# Dado with router



## GrahamIreland (17 May 2017)

Hi just checking I'm going in right direction here with router.

I'm pushing left to right and router has guide/jig riding against its left side..

Is that correct?


----------



## sunnybob (17 May 2017)

if in doubt, look at the blade on the cutter, without power to the machine check that it is facing into the wood when the router is spinning, and not slapping backwards.
But the rules are,
using a table router with the wood in front of the bit, push right to left.
using the table router but with the wood behind the bit (cutting inside of an object) push left to right.

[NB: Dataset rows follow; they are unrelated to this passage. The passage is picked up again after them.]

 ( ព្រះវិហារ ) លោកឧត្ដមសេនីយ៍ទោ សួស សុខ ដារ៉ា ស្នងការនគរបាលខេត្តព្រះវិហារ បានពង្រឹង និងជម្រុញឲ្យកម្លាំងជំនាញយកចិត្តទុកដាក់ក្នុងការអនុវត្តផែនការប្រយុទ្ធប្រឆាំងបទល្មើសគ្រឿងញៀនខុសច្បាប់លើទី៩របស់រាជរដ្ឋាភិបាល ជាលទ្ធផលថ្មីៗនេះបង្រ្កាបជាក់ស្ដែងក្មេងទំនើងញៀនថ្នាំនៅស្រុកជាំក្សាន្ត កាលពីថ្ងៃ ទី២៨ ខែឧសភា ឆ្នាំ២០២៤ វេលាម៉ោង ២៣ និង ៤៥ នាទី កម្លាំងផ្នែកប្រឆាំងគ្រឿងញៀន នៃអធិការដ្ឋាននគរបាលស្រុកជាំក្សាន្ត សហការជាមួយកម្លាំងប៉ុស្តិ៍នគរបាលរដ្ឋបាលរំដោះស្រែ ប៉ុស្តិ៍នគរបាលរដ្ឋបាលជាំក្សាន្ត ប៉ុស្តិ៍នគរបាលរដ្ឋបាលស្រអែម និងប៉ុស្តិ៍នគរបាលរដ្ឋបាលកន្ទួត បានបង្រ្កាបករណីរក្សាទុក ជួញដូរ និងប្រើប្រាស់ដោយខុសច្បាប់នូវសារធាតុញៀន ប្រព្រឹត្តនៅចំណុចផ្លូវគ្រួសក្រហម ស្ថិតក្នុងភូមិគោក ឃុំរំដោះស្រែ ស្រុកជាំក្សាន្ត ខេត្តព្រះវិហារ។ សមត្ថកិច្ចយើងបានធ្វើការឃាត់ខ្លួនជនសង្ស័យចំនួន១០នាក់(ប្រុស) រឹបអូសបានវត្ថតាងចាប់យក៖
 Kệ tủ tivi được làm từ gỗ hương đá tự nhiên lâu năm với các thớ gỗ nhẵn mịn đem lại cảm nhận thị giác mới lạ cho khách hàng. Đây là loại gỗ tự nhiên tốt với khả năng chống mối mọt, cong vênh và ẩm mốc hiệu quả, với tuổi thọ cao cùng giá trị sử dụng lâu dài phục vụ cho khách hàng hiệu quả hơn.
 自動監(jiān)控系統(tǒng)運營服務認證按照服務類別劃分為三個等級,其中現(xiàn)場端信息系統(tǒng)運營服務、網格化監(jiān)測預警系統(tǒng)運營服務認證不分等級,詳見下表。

Hand held router; reverse the above.


----------



## GrahamIreland (17 May 2017)

Ok thanks, I'm a bit of a simpleton.

Will take me a while to work that out!

I'm this case here with a handheld, do I run clockwise or counter clockwise cutting this 50mm dado?


----------



## transatlantic (17 May 2017)

Pictures say a 1037 words. So for your particular case, it would be the direction inside the frame


----------



## GrahamIreland (17 May 2017)

Perfect thanks.


----------



## GrahamIreland (17 May 2017)

Now if someone could tell me how to get this shagging router back in its box!!!


----------



## transatlantic (17 May 2017)

I'm guessing by the handle, it's possibly an Erbauer? .. man - that thing comes in a HUGE box. Personally, as a hobbyist and not a trades person, I throw out the boxes that come with my tools as they take up far too much space and are generally annoying (unless it's a Bosch or something decent, those go in the loft). I like all my power tools on an easily accessable shelf.


----------



## paulrockliffe (17 May 2017)

Sounds like it could be a Trend, I borrowed one once and couldn't get it in the box. It goes in at a funny angle, not obvious from the shape of the cut outs for the box.

I also bin off boxes and put things in a drawer*

*A big pile where the drawers will go eventually.


----------



## LancsRick (22 May 2017)

My MV12 is the worst tool I've ever owned for getting it back in the carry box. Thankfully it's a good router!


----------